Published Mar 26, 2026 on Dryad. https://doi.org/10.5061/dryad.g1jwstr55

Data files

Mar 26, 2026 version files 413.62 MB

joint-unc.zip

413.60 MB
README.md

23.58 KB

Abstract

This repository contains simulation data, empirical data, and analysis code for a study evaluating joint uncertainty in discrete character ancestral state reconstruction (ASR). We compare joint and marginal reconstruction approaches across a range of simulated conditions and apply these methods to an empirical dataset of carbapenem-resistant Klebsiella pneumoniae (CRKP) isolates from a Long-Term Acute Care Hospital (LTACH).

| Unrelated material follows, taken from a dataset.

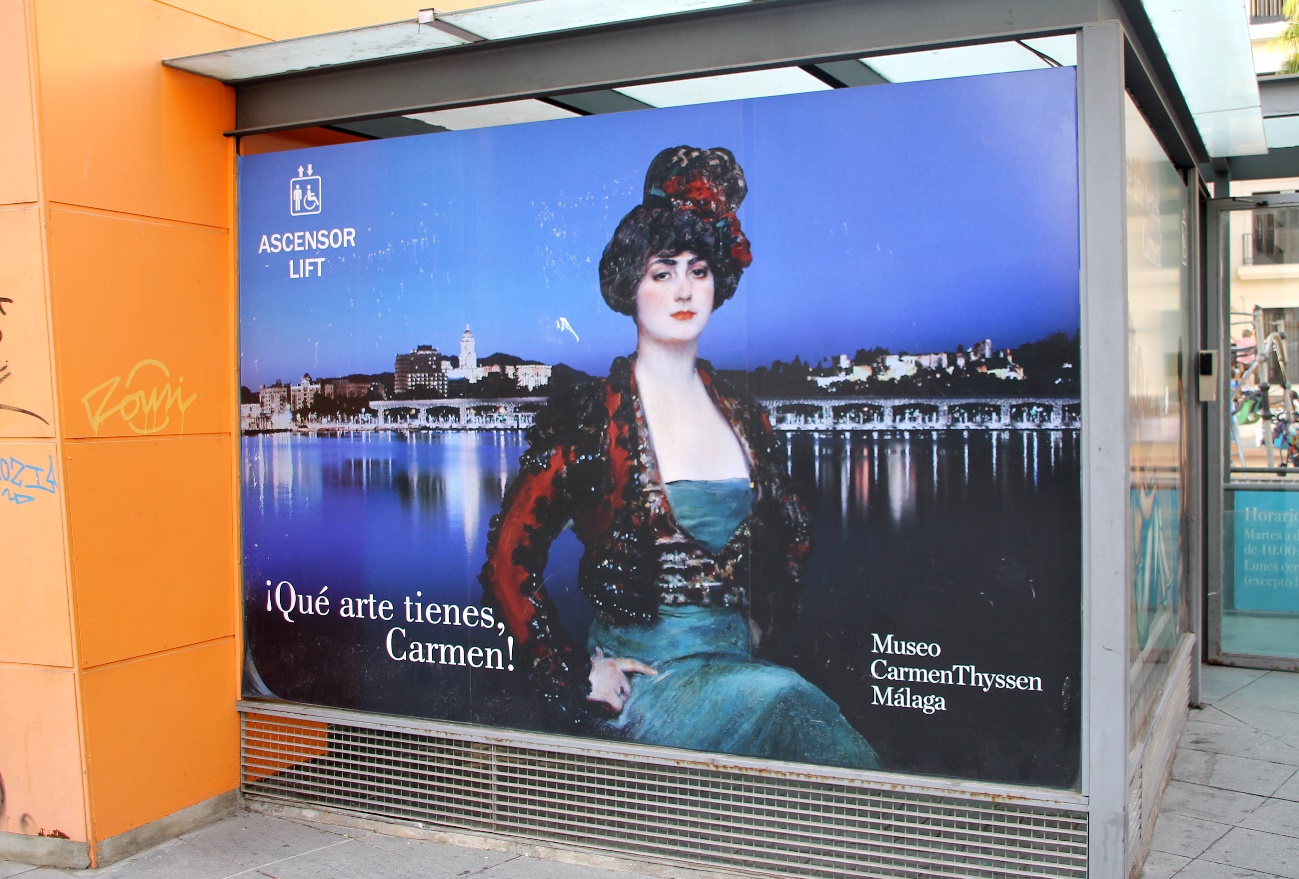 Sevilla tiene a Carmen y Málaga tiene a Carmen Thyssen. La campaña publicitaria ¡Qué arte tienes Carmen! (fig. 10) que el pasado mes de enero puso en marcha el Museo Carmen Thyssen integra obras de la Colección Carmen Thyssen con lugares emblemáticos de la ciudad:

All files below are in joint-unc.zip which includes all of the code for simulating and comparing our new joint uncertainty methods.

General Information

Corresponding author information

Name: James Boyko
ORCID: 0000-0003-0952-169X
Affiliation: University of Michigan

Related publication

[PLACEHOLDER: Full citation once published]

Notes on file naming conventions

Simulation condition files follow the pattern:

[method]_n[ntaxa]_k[nstates]_q[rate]_[model]

where:

[method] is the reconstruction approach used to compute confidence intervals:
- simmap — stochastic mapping
- pupko — Pupko joint reconstruction
- marginal — marginal reconstruction
[ntaxa] is the number of taxa in the simulated tree (always 101 in this study)
[nstates] (k) is the number of discrete character states (2 or 3)
[rate] (q) is the per-branch transition rate used to simulate data (0.25, 0.5, or 1)
[model] is the substitution model:
- er — equal rates (all transition rates constrained to be equal)
- ard — all rates different (each transition rate estimated separately)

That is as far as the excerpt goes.